• Exercise prompt:
Repeat each entry as written and leave the images out of the copy.

Dataset content Start Marker

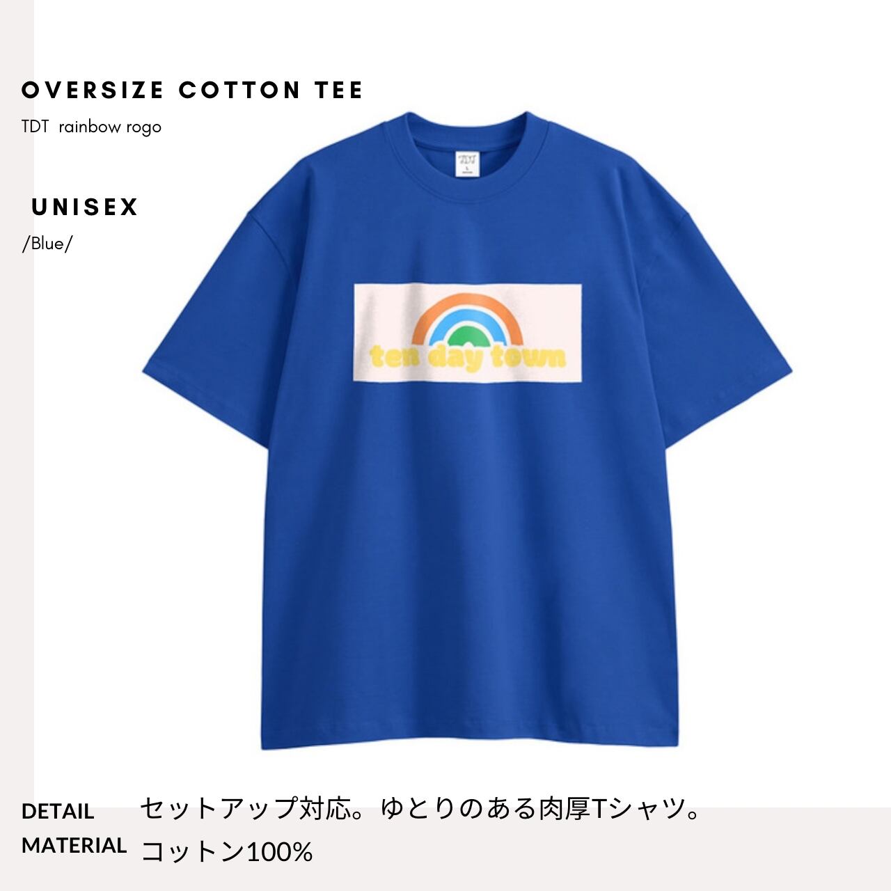TDT【rainbowロゴプリント】オーバーサイズ コットンTシャツ (セットアップ 対応) ブルー
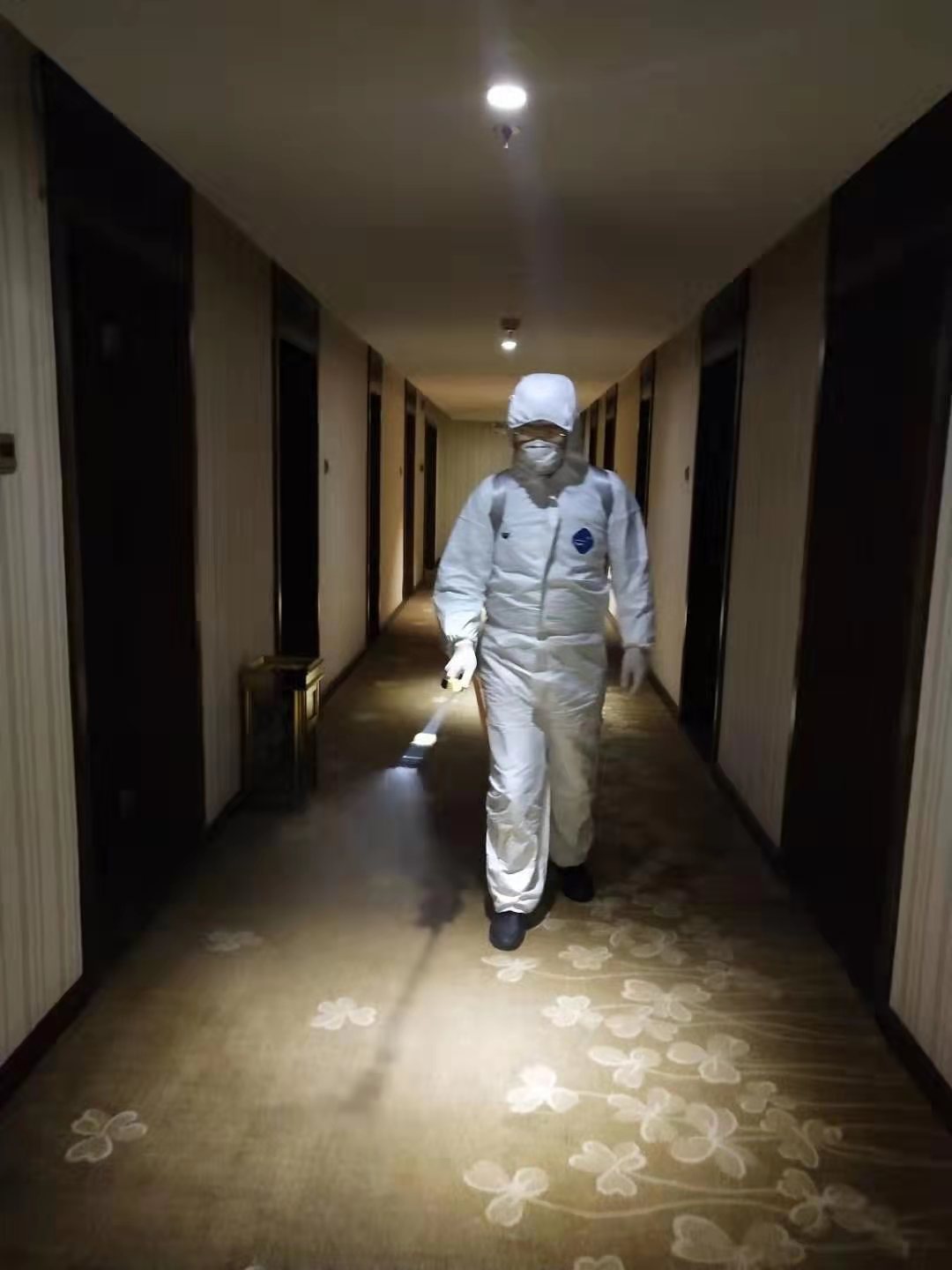 安置宾馆全天24小时有专门的医护人员值守,他们身穿防护服,佩戴口罩、护目镜,为酒店内的旅客测量体温,定时通风消毒。 “只要有来酒旅客入住,楼道、房间、通道我们全部要消毒,从1月28日进入宾馆以来,我和另一名值守的医护人员已经三天没睡过一个完整觉了。”在酒金东路的另一家安置宾馆内,值守医护人员马伟说:“我是主动申请到一线来的,我们的工作就是为入住的每一位旅客不定期地测量体温,讲解新型冠状病毒感染的肺炎预防知识。”
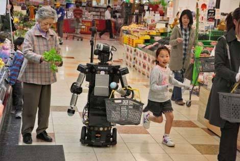 Một robot biết trò chuyện đang giúp đỡ một phụ nữ 69 tuổi đi siêu thị. Đây là sản phẩm thử nghiệm của các nhà nghiên cứu thuộc công ty Keihanna Science. Với 29 triệu người cao tuổi – chiếm khoảng 23% dân số đất nước – dân số nước Nhật đang ngày một già đi khi số người già vượt hơn hẳn số người trẻ. Tình trạng dân số già này đặt ra một lo ngại mà trước đây chưa từng có, đó là ai, hay cái gì sẽ chăm sóc và hỗ trợ cho những người cao tuổi trong những năm sắp tới.
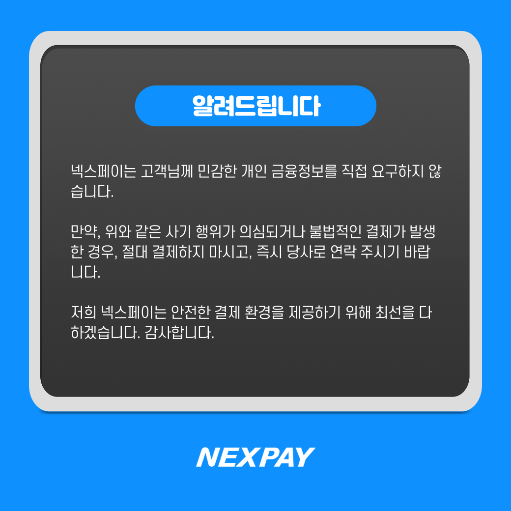 넥스페이는 고객님께 민감한 개인 금융정보를 직접 요구하지 않습니다. 만약, 위와 같은 사기 행위가 의심되거나 불법적인 결제가 발생한 경우, 절대 결제하지 마시고, 즉시 당사로 연락 주시기 바랍니다.
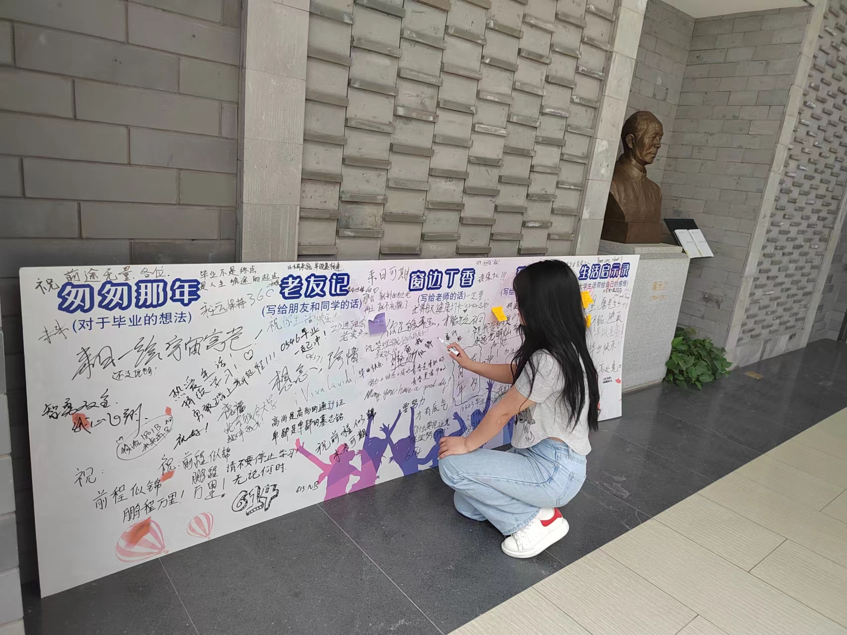 毕业生中部分图书馆勤工助学团队成员以及大学生读书协会成员、校友,以“读书启智明理做人”为题写下了给新生的留言祝福,并为图书馆发展建言献策。部分校友和毕业生将在校期间创作的文学作品和书法作品转交给图书馆保存。
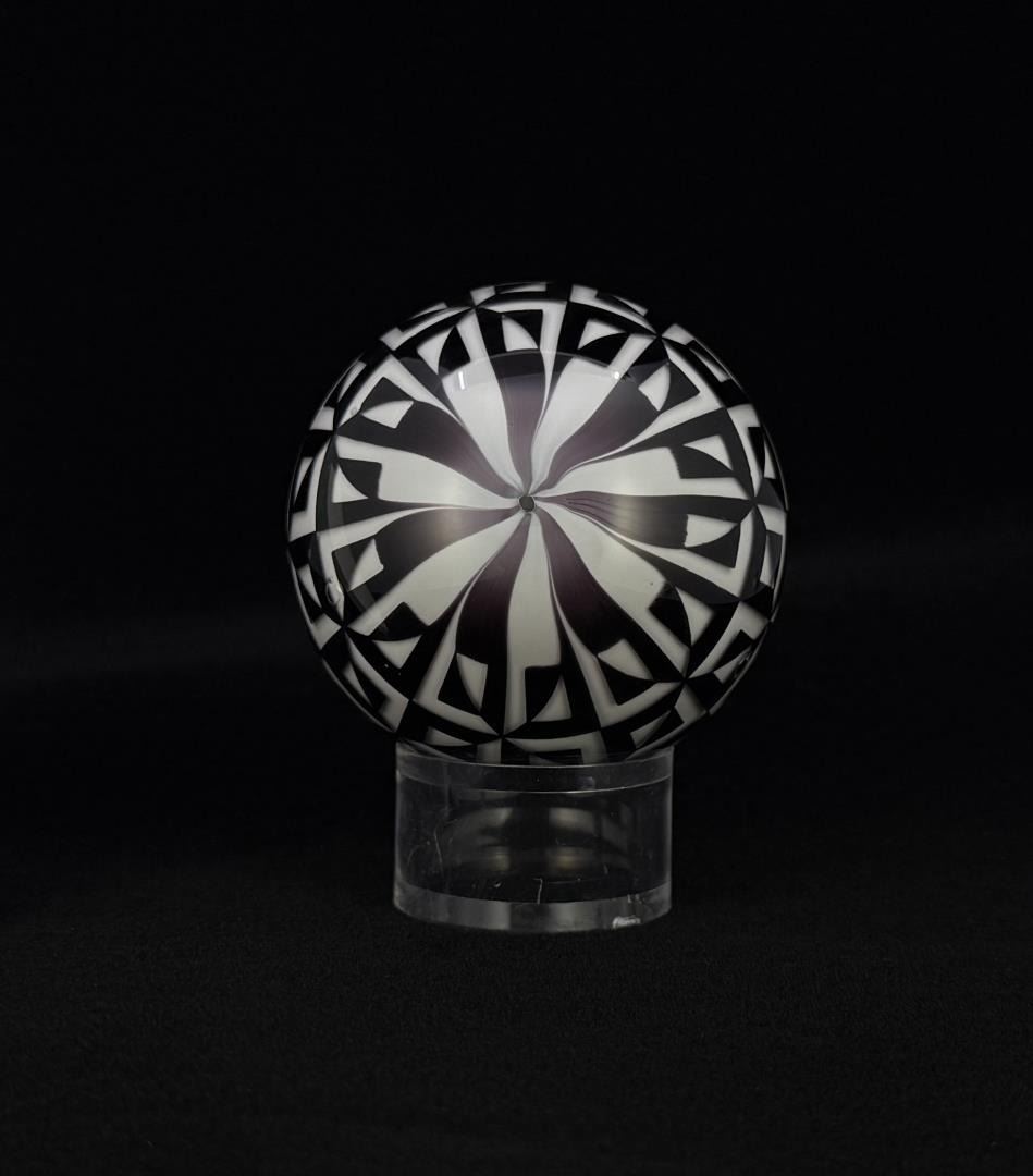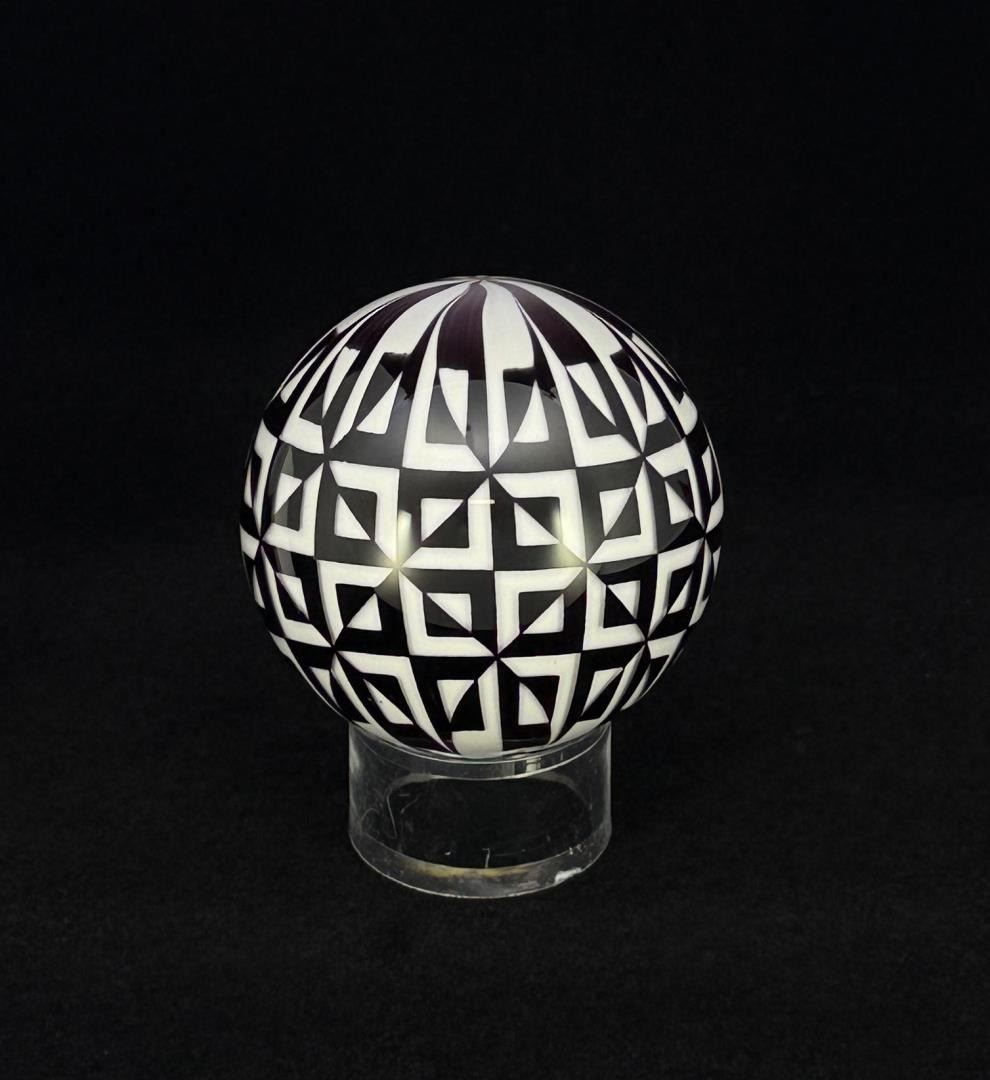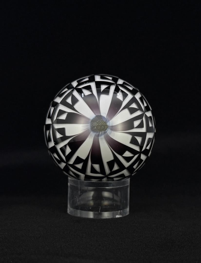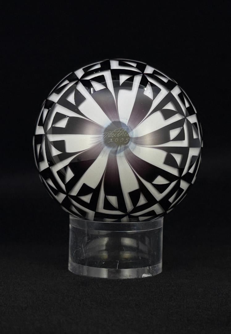 2 7/8" diameter. Signed and dated Matthews 2005. Black and White Graal Sphere. A few small bruises as shown. Mark Matthews is notably recognized for his work in glass, especially in glass spheres. Working with only one assistant, each piece is meticulously worked and signed by the artist. Highly collected and valued, Matthews work has been published in many books and is held in museums such as the Victoria & Albert Museum in London, England, the Corning Museum of Glass in New York, the Toledo Museum of Art in Ohio and the National Museum of American Art, Smithsonian Institution, Washington, D.C.

Dataset content End Marker

• Answer to this exercise:
TDT【rainbowロゴプリント】オーバーサイズ コットンTシャツ (セットアップ 対応) ブルー
 安置宾馆全天24小时有专门的医护人员值守,他们身穿防护服,佩戴口罩、护目镜,为酒店内的旅客测量体温,定时通风消毒。 “只要有来酒旅客入住,楼道、房间、通道我们全部要消毒,从1月28日进入宾馆以来,我和另一名值守的医护人员已经三天没睡过一个完整觉了。”在酒金东路的另一家安置宾馆内,值守医护人员马伟说:“我是主动申请到一线来的,我们的工作就是为入住的每一位旅客不定期地测量体温,讲解新型冠状病毒感染的肺炎预防知识。”
 Một robot biết trò chuyện đang giúp đỡ một phụ nữ 69 tuổi đi siêu thị. Đây là sản phẩm thử nghiệm của các nhà nghiên cứu thuộc công ty Keihanna Science. Với 29 triệu người cao tuổi – chiếm khoảng 23% dân số đất nước – dân số nước Nhật đang ngày một già đi khi số người già vượt hơn hẳn số người trẻ. Tình trạng dân số già này đặt ra một lo ngại mà trước đây chưa từng có, đó là ai, hay cái gì sẽ chăm sóc và hỗ trợ cho những người cao tuổi trong những năm sắp tới.
 넥스페이는 고객님께 민감한 개인 금융정보를 직접 요구하지 않습니다. 만약, 위와 같은 사기 행위가 의심되거나 불법적인 결제가 발생한 경우, 절대 결제하지 마시고, 즉시 당사로 연락 주시기 바랍니다.
 毕业生中部分图书馆勤工助学团队成员以及大学生读书协会成员、校友,以“读书启智明理做人”为题写下了给新生的留言祝福,并为图书馆发展建言献策。部分校友和毕业生将在校期间创作的文学作品和书法作品转交给图书馆保存。
 2 7/8" diameter. Signed and dated Matthews 2005. Black and White Graal Sphere. A few small bruises as shown. Mark Matthews is notably recognized for his work in glass, especially in glass spheres. Working with only one assistant, each piece is meticulously worked and signed by the artist. Highly collected and valued, Matthews work has been published in many books and is held in museums such as the Victoria & Albert Museum in London, England, the Corning Museum of Glass in New York, the Toledo Museum of Art in Ohio and the National Museum of American Art, Smithsonian Institution, Washington, D.C.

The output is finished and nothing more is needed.